Researchers supported by the National Institutes of Health (NIH) have created a new blood test designed to identify pancreatic ductal adenocarcinoma, one of the most lethal types of cancer. Because pancreatic cancer is often discovered only after it has advanced, treatment options are limited and survival rates remain low. This new approach, detailed in Clinical Cancer Research, could help detect the disease sooner and improve patient outcomes.
Pancreatic cancer has a poor prognosis, with only about 10% of patients living longer than five years after diagnosis. However, doctors believe survival could improve significantly if the disease is caught earlier, when treatment is more effective. Despite this, there are currently no reliable screening tools available to detect pancreatic cancer in its early stages.
Testing Existing and New Blood Biomarkers
To address this gap, scientists from the University of Pennsylvania Perelman School of Medicine, Philadelphia, and Mayo Clinic, Rochester, Minnesota, analyzed blood samples from individuals with and without pancreatic cancer. They evaluated several biomarkers, including carbohydrate antigen 19-9 (CA19-9), commonly used to monitor treatment response, and thrombospondin 2 (THBS2), another previously studied marker.
Individually, these markers have limitations. CA19-9 levels can rise in non-cancerous conditions like pancreatitis or bile duct obstruction, and some people do not produce the marker at all due to genetic differences. As a result, neither marker alone is reliable enough for screening.
Newly Identified Proteins Improve Detection
By examining stored blood samples, the researchers identified two additional proteins that appear to be elevated in people with early-stage pancreatic cancer: aminopeptidase N (ANPEP) and polymeric immunoglobin receptor (PIGR). These newly identified biomarkers showed clear differences between cancer patients and healthy individuals.
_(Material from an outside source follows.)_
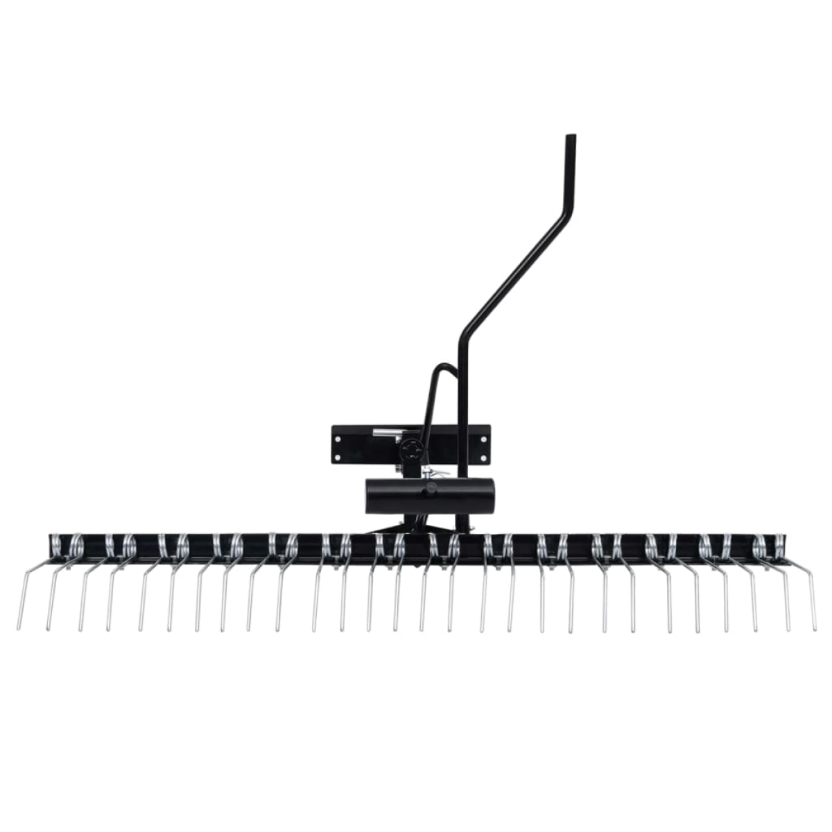 The scarifier for the ride-on mower can remove moss and weeds easily, and efficiently scarifying large lawn surfaces to help the grass grow more densely. Durable material: Steel is an exceptionally hard and strong material. It offers sturdiness and stability. Galvanisation provides better protection against corrosion and is useful for products that'll be used outdoors as well as in harsh environments.Efficient moss and thatch removal: The lawn aerator effectively dislodges various types of debris such as stems, clippings, runners, roots, and unrotted leaves, making it a suitable option for large gardens. This process allows air, water, and fertilizer to reach the roots, leading to a healthier lawn.Fast and effective scarifying: With the 14 twin durable spring tines and a wide 109cm scarifying width, the lawn scarifier offers a quick and effective way to scarify your lawn. The spring tines are heat-treated for extra strength, ensuring they can handle tough jobs.Easy connection: With the coupling device, the moss remover can be easily and safely connected to the ride-on mower or lawn tractor.

When combined with CA19-9 and THBS2, the four-marker panel demonstrated strong performance. It correctly distinguished pancreatic cancer cases from non-cases 91.9% of the time across all stages, with a false positive rate of 5% in non-cases. For early-stage (stage I/II) cancer, the test detected 87.5% of cases.
“By adding ANPEP and PIGR to the existing markers, we’ve significantly improved our ability to detect this cancer when it’s most treatable,” said the study’s lead investigator, Kenneth Zaret, Ph.D., University of Pennsylvania’s Perelman School of Medicine.
Distinguishing Cancer From Other Conditions
An important advantage of the test is its ability to differentiate pancreatic cancer from other non-cancerous pancreatic conditions, including pancreatitis. This helps reduce the risk of misdiagnosis and unnecessary concern for patients.
Next Steps Toward Screening
“Our retrospective study findings warrant further testing in larger populations, particularly in people before they show symptoms,” Zaret said. “Such ‘prediagnostic’ studies would help determine if the test could be used as a screening tool for people at high risk of developing the disease based on family history, genetic screening results or personal history of pancreatic cysts or pancreatitis.”
The study was supported by NIH grants U01CA210138, P50CA102701, S10 OD023586-01, P30 DK020579, UL1 TR002345, P30CA091842, and U01CA210138.